De Diakonie groep heeft substantiële bedragen ter beschikking gesteld aan Jerrel Jorden alsmede aan (gelieerde) ondernemingen die geen WMO- of AWBZ-zorg leverden.
De administratie van de Diakonie groep vertoont ernstige gebreken.
De leden van RvT beschikten niet over de vereiste ervaring en capaciteiten, waren zich onvoldoende bewust van hun verantwoordelijkheden, hebben zich onvoldoende bij de bedrijfsvoering van de Diakonie groep betrokken, hebben vrijwel geen toezicht gehouden en hebben niet ingegrepen wanneer dit noodzakelijk was.
Gespreksverslagen besprekingen tussen de curator en de leden van de RvT.
53
11
Conclusies curator
Algemeen 11.1
In dit hoofdstuk trekt de curator op grond van de in de vorige hoofdstukken uiteengezette bevindingen zijn conclusies omtrent (i) de invulling die de leden van de RvB en de RvT aan hun taak hebben gegeven, (ii) het optreden van de gemeente en (iii) het optreden van het zorgkantoor.
11.2
De conclusies van de curator moeten worden gezien in het licht van het relevante wettelijk kader, in het bijzonder de artikelen 2:300a juncto 2:138, 2:149 en 2:9 BW (ten aanzien van de RvB en de RvT in hun hoedanigheid van RvB en RvT van de tot de Diakonie groep behorende stichtingen), de artikelen 2:248, 2:259 en 2:9 BW (ten aanzien van de RvB en de RvT in hun hoedanigheid van RvB en RvT van de tot de Diakonie groep behorende besloten vennootschappen) en artikel 6:162 BW (ten aanzien van de gemeente en het zorgkantoor).
11.3
Op grond van de artikelen 2:300a juncto 2:138, 2:248, 2:259, 2:149 en 2:9 BW handelt een bestuurder of een lid van de RvT onrechtmatig (en is daarmee sprake van persoonlijke aansprakelijkheid) indien een bestuurder of een lid van de RvT zijn taak kennelijk onbehoorlijk heeft vervuld.
11.4
De eventuele aansprakelijkheid van de gemeente en het zorgkantoor dient te worden gegrond op het algemene leerstuk van de onrechtmatige daad (artikel 6:162 BW). De curator kan op grond van artikel 6:162 BW uitsluitend acteren namens de Diakonie groep en/of de gezamenlijke crediteuren van de Diakonie groep. Een individuele crediteur (dan wel een groep crediteuren) dient(dienen) de als gevolg van het faillissement van de Diakonie groep geleden schade zelf te verhalen op derden (waaronder de gemeente en het zorgkantoor), indien de betrokken crediteur(en) meent(menen) dat daarvoor valide juridische argumenten aanwezig zijn.
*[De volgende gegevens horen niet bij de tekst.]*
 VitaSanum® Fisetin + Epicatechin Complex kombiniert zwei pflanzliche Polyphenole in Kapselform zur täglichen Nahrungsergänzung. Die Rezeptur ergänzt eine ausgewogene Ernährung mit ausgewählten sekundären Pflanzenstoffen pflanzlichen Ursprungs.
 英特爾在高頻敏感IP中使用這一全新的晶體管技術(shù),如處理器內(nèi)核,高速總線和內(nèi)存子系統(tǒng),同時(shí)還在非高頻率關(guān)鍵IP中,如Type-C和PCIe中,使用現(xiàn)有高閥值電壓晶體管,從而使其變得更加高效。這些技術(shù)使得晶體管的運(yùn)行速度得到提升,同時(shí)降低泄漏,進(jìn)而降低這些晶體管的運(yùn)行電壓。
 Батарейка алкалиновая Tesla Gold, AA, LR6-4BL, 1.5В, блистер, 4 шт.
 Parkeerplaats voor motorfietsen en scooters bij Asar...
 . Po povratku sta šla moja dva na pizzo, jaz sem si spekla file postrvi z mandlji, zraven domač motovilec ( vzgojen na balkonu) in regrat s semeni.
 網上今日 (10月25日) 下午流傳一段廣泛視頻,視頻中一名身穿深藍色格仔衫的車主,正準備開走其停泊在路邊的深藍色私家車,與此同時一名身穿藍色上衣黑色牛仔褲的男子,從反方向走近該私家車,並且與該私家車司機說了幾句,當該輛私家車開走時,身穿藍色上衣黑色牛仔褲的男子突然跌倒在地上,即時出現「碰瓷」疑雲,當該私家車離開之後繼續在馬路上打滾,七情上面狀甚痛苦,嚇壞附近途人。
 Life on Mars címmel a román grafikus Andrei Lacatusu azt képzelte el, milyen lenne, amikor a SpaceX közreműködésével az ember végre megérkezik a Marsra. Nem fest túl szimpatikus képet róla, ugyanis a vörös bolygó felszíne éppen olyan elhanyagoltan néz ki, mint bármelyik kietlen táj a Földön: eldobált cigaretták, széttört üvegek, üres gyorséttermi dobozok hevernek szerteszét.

Ten aanzien van de RvB en de RvT 11.5
Sinds het jaar van haar oprichting (2003) kampte de Diakonie groep met een negatief eigen vermogen en stond de liquiditeit van de Diakonie groep onder druk. Ondanks de smalle financiële basis van de Diakonie groep besloot de RvB de Diakonie groep in relatief korte tijd uit te breiden door het doen van een aantal overnames. De overnames leidden niet tot het gewenste rendement en gingen ten kosten van de beheersbaarheid van de interne organisatie van de Diakonie groep.
54
11.6
Bij het merendeel van de overnames vond vooraf geen Due Diligence onderzoek plaats. In de gevallen waarin wel een Due Diligence onderzoek had plaatsgevonden, waren de uitkomsten niet altijd positief. Desalniettemin besloot de RvB om de overnames te laten plaatsvinden. De in dit kader door de accountant en het management gegeven adviezen worden niet door de RvB opgevolgd.
11.7
De overnames werden gefinancierd uit operationele cashflow, dat wil zeggen: de door bevoorschotting door de gemeente en het zorgkantoor gegenereerde middelen.
11.8
Als gevolg van de hiervoor onder randnummers 11.5 tot en met 11.7 vermelde constateringen, komt de curator tot de conclusie dat de RvB een volstrekt onverantwoord acquisitiebeleid heeft gevoerd. De gevolgen van dit beleid zijn als een belangrijke oorzaak van het faillissement te beschouwen.
11.9
Met de overname van Intellimatch in de zomer van 2012 werd de Diakonie groep in 2013 met een (additionele) schuld van 4,5 miljoen euro opgezadeld. De oorzaken van het ontstaan van deze schuld waren grotendeels gelegen in de periode vóór de overname. Mede door deze schuld werd de financiële positie van de Diakonie groep in augustus 2013 onhoudbaar. De curator is van oordeel dat de overname van Intellimatch een belangrijke oorzaak is van het faillissement van de Diakonie groep.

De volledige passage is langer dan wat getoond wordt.